▶ **EXERCISE AIM**: All of the listing, from first line to last, should be output exactly; the pictures stay out.

▶ **PROVIDED MATERIAL**:
========

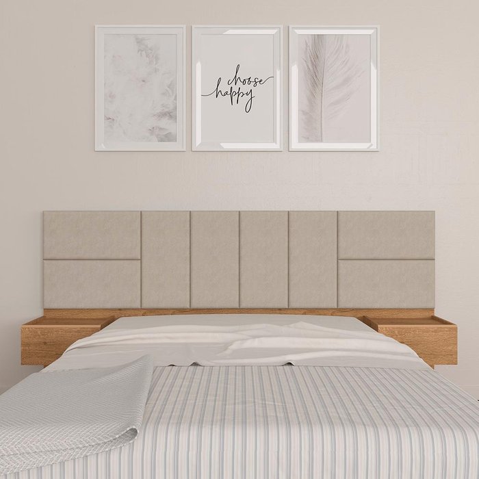 Cabeceira Suspensa para Cama Casal Malibu - M. Arapongas Carvalho/Bege
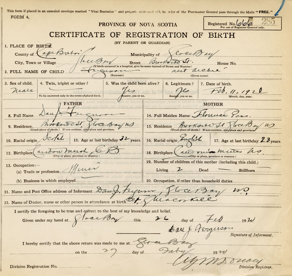21. Name and Post Office address of Informant Dan J. Ferguson Glace Bay, Cape Breton Co.
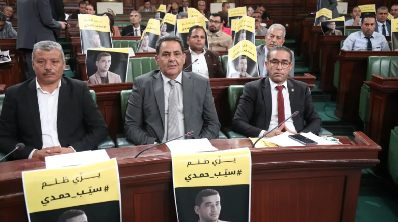 وكان عدد من النواب وضعوا في حركة احتجاجية لافتات صفراء على مكاتبهم بقاعة الجلسة العامة كُتب عليها “يزي ظلم سيب حمدي” إلى جانب صور للنائب الموقوف (منذ الأسبوع الفارط)، وقد تسبّبت هذه الحركة في تأخير انطلاق الجلسة لما يناهز الساعة.

========

▶ **ANSWER TO THIS EXERCISE**:
 Cabeceira Suspensa para Cama Casal Malibu - M. Arapongas Carvalho/Bege
21. Name and Post Office address of Informant Dan J. Ferguson Glace Bay, Cape Breton Co.
 وكان عدد من النواب وضعوا في حركة احتجاجية لافتات صفراء على مكاتبهم بقاعة الجلسة العامة كُتب عليها “يزي ظلم سيب حمدي” إلى جانب صور للنائب الموقوف (منذ الأسبوع الفارط)، وقد تسبّبت هذه الحركة في تأخير انطلاق الجلسة لما يناهز الساعة.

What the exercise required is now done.